Decision trees are widely used models for classification and regression tasks. Essentially, they learn a hierarchy of if/else questions, leading to a decision.

Graphviz

Zur graphischen Darstellung der Entscheidungsbäume verwenden wir die Software Graphviz und das gleichnamige Python-Paket graphviz. Diese können Sie mit folgenden Befehlen installieren:

  • für das Python-Paket pip install graphviz
  • für die Software Graphviz conda install graphviz

Unter Windows müssen Sie anschließend den Graphviz-Installationsordner C:\Users\username\...\Anaconda3\Library\bin\graphviz der Umgebungsvariable PATH hinzufügen, damit die Software Graphviz gefunden wird.

import graphviz

Klassifikation

Beispiel eines Entscheidungsbaums

mygraph = graphviz.Digraph(node_attr={'shape': 'box'},
                           edge_attr={'labeldistance': "10.5"},
                           format="png")
mygraph.node("0", "Has feathers?")
mygraph.node("1", "Can fly?")
mygraph.node("2", "Has fins?")
mygraph.node("3", "Hawk")
mygraph.node("4", "Penguin")
mygraph.node("5", "Dolphin")
mygraph.node("6", "Bear")
mygraph.edge("0", "1", label="True")
mygraph.edge("0", "2", label="False")
mygraph.edge("1", "3", label="True")
mygraph.edge("1", "4", label="False")
mygraph.edge("2", "5", label="True")
mygraph.edge("2", "6", label="False")
mygraph.render("tmp")

Image(filename='tmp.png')

Beispiel: Synthetische 2D-Daten

from sklearn.tree import DecisionTreeClassifier
from sklearn.tree import export_graphviz
from sklearn.datasets import make_moons

Daten laden und in einem Scatterplot darstellen:

X, y = make_moons(n_samples=100, noise=0.25, random_state=3)

plt.figure(figsize=(6, 4))
mglearn.discrete_scatter(X[:, 0], X[:, 1], y)
plt.xlabel('feature 0')
plt.ylabel('feature 1')
plt.legend()
plt.grid(False)

Funktion zur Darstellung eines Decision Tree Modells in Feature-Raum:

def plot_tree_partition(X, y, tree):
    eps = X.std()/2.
    x_min, x_max = X[:, 0].min() - eps, X[:, 0].max() + eps
    y_min, y_max = X[:, 1].min() - eps, X[:, 1].max() + eps
    xx = np.linspace(x_min, x_max, 1000)
    yy = np.linspace(y_min, y_max, 1000)
    X1, X2 = np.meshgrid(xx, yy)
    X_grid = np.column_stack((X1.ravel(), X2.ravel()))
    Z = tree.predict(X_grid)
    Z = Z.reshape(X1.shape)
    plt.contourf(X1, X2, Z, alpha=.4, levels=[0, .5, 1])
    mglearn.discrete_scatter(X[:, 0], X[:, 1], y)
    return

Decision Tree Modelle mit unterschiedlicher Verzweigungstiefe:

max_depth = 1

tree = DecisionTreeClassifier(max_depth=max_depth, random_state=0).fit(X, y)

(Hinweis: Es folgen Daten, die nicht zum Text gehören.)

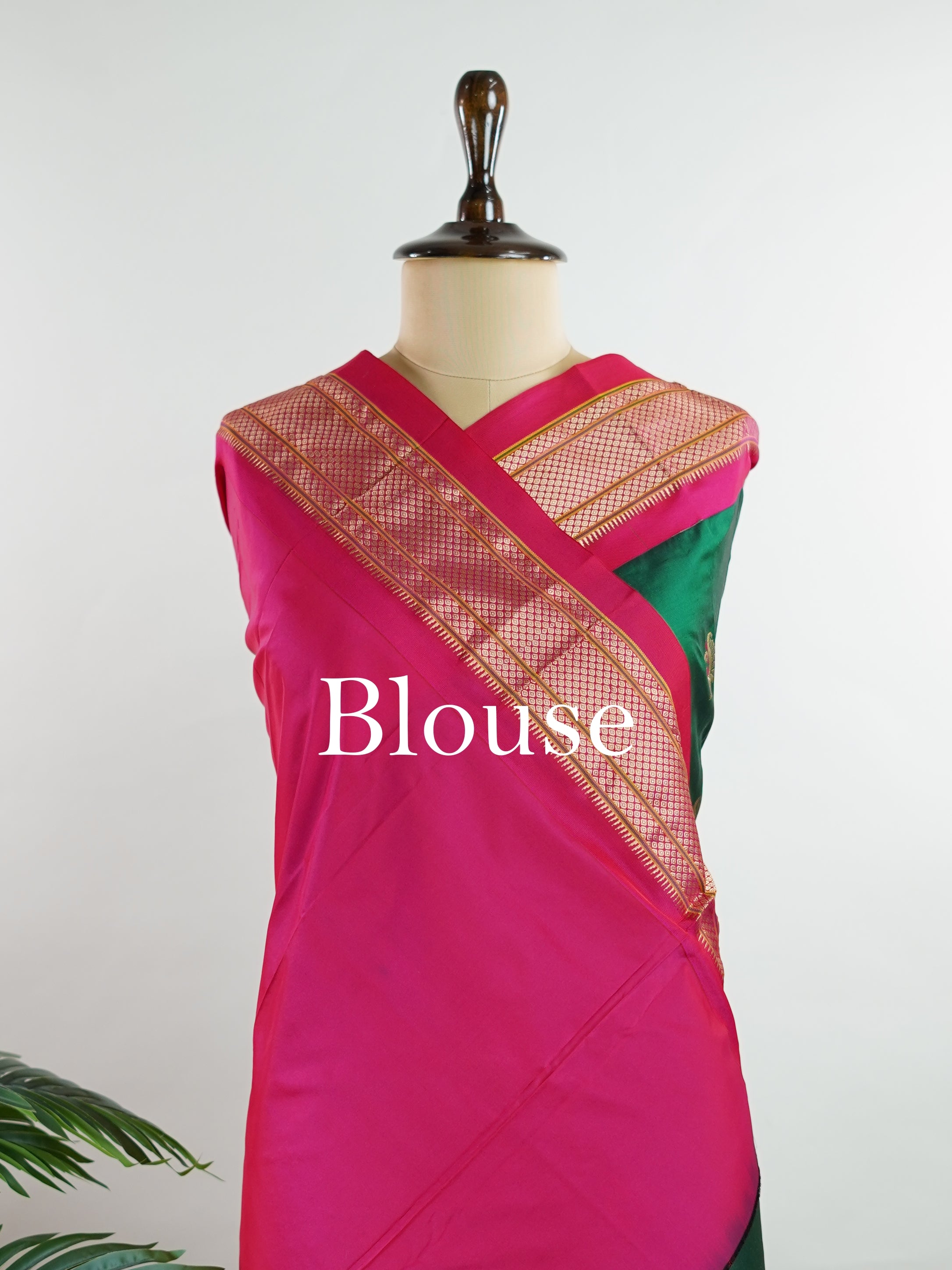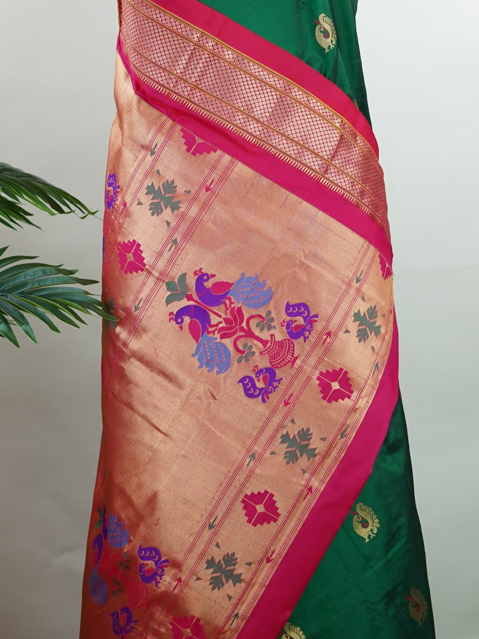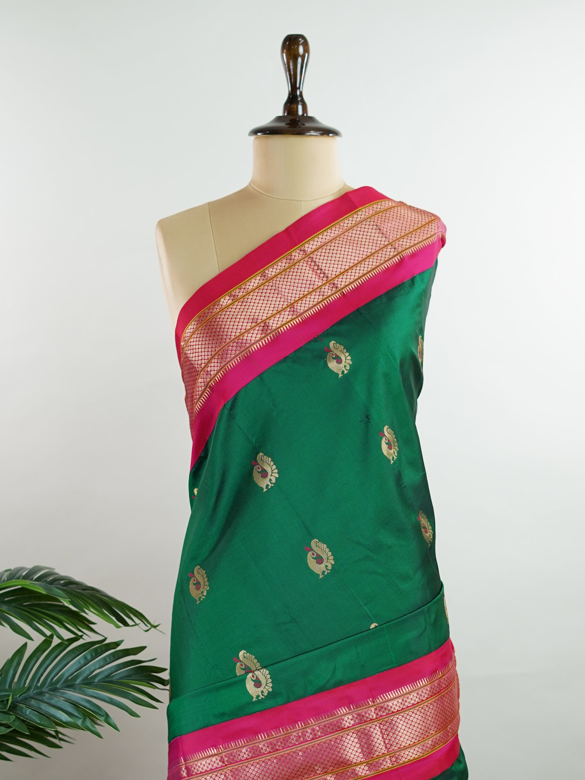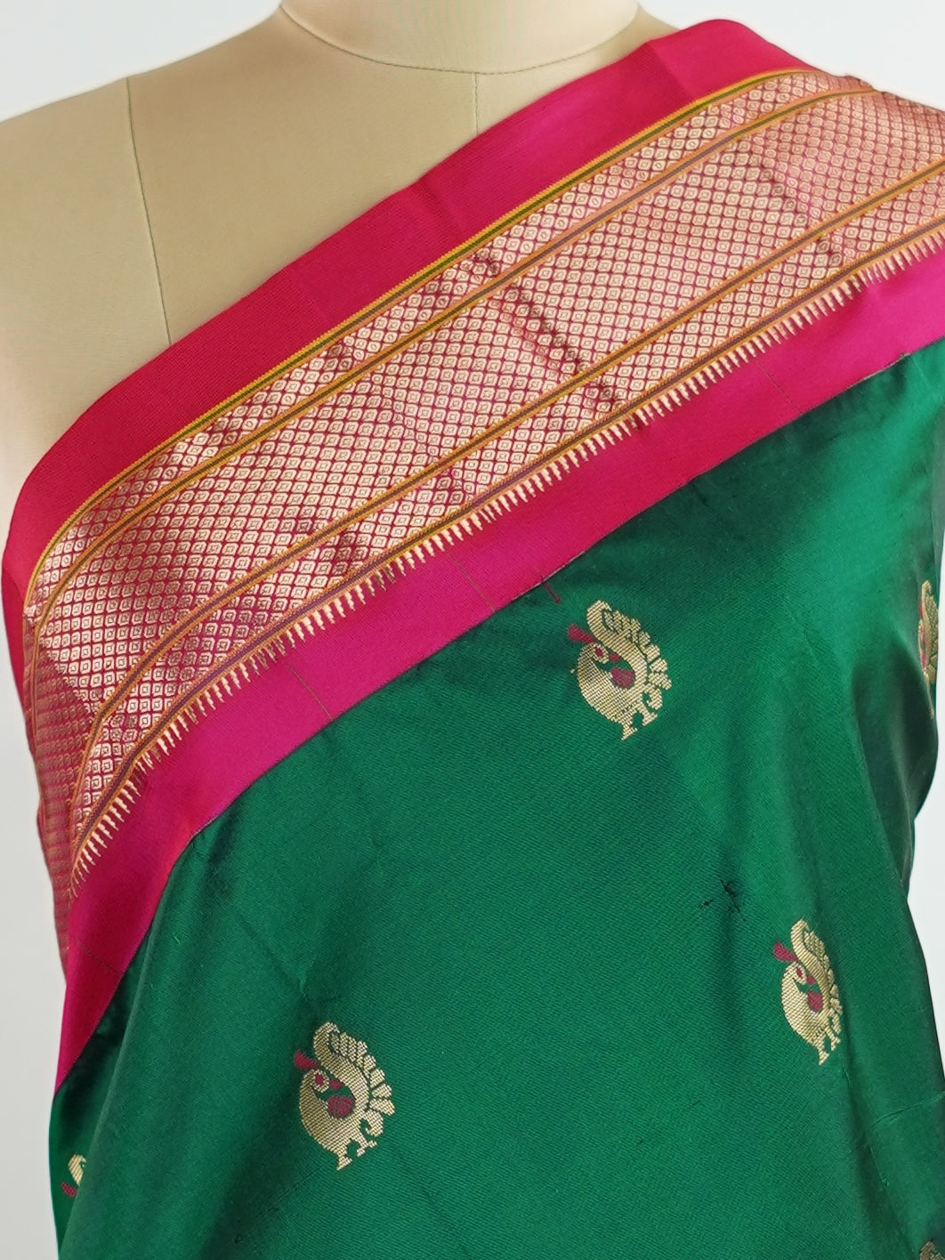 Narayanpet sarees feature elegant plain bodies adorned with delicate buttas, complemented by rich Paithani-style pallus.
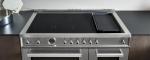 This all-new induction range has 6 high-power heating zones with maximum power output of 3700W. The right-side heating zones can be bridged to create a larger cooking area. Each induction area is controlled with knobs and has a convenient read-out interface on the glass worktop. A large, removable cast-iron griddle is included.
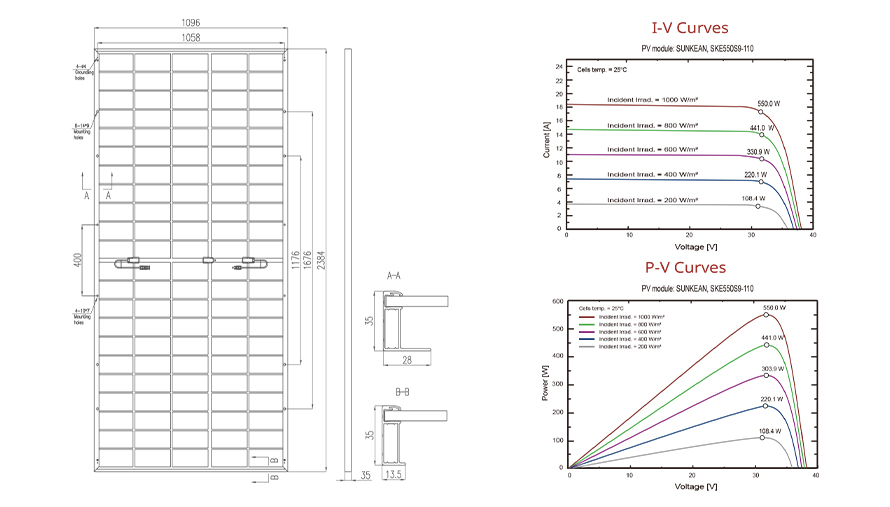 NMOT: 조도 800 w/m2 , 주변 온도 20°C, AMu003d1.5, 풍속 1m/s.
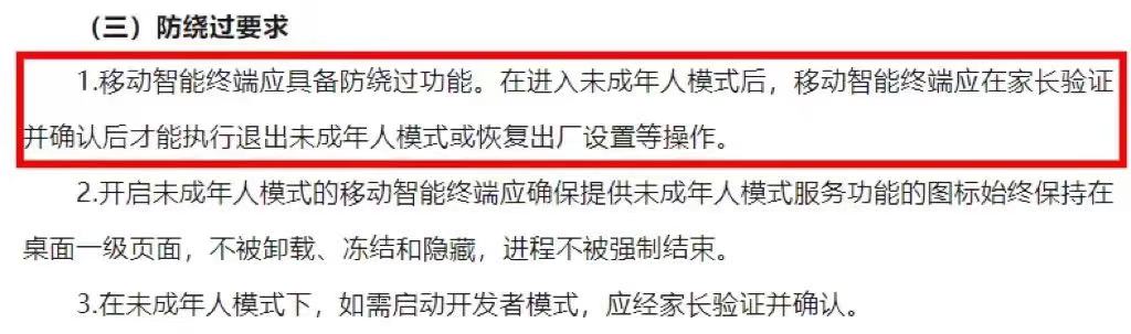 “防绕过”作为游戏行业先行探索的防沉迷重要发力点,此次也出现在了“未成年人模式”的部署中——征求意见稿中专门对移动智能终端提出“防绕过”要求,明确其应在家长验证并确认后才能执行退出未成年人模式或恢复出厂设置等操作,家长可自行选择密码、指纹、人脸等识别方式进行单一或复合验证。

export_graphviz(tree, out_file="tree.dot", class_names=["0", "1"], impurity=False)
my_file = open("tree.dot")
dot_graph = my_file.read()
my_file.close()
display(graphviz.Source(dot_graph))

plt.figure(figsize=(6, 6))
X_grid = plot_tree_partition(X, y, tree)

Controlling complexity of decision trees

  • max_depth … limit the maximum depth of the tree
  • max_leaf_nodes … limit the maximum number of leaves
  • min_samples_split … require a minimum number of points in a node to keep splitting it

Beispiel: Brustkrebsdaten

from sklearn.datasets import load_breast_cancer
cancer = load_breast_cancer()

from sklearn.model_selection import train_test_split
X_train, X_test, y_train, y_test = train_test_split(
    cancer.data, cancer.target, stratify=cancer.target, random_state=42)

tree = DecisionTreeClassifier(random_state=0)
tree.fit(X_train, y_train)

print(f"Accuracy on training set: {tree.score(X_train, y_train):.3f}")
print(f"Accuracy on     test set: {tree.score(X_test, y_test):.3f}")
Accuracy on training set: 1.000
Accuracy on     test set: 0.937
tree = DecisionTreeClassifier(max_depth=4, random_state=0)
tree.fit(X_train, y_train)

print(f"Accuracy on training set: {tree.score(X_train, y_train):.3f}")
print(f"Accuracy on     test set: {tree.score(X_test, y_test):.3f}")
Accuracy on training set: 0.988
Accuracy on     test set: 0.951
export_graphviz(tree, out_file="tree.dot", class_names=["malignant", "benign"],
                feature_names=cancer.feature_names, impurity=False, filled=True)
my_file = open("tree.dot")
dot_graph = my_file.read()
my_file.close()
display(graphviz.Source(dot_graph))

Feature Importance

Feature Importance rates how important each feature is for the decision a tree makes. It is a number between 0 and 1 for each feature, where 0 means “not used at all” and 1 means “perfectly predicts the target.” The feature importances always sum to 1.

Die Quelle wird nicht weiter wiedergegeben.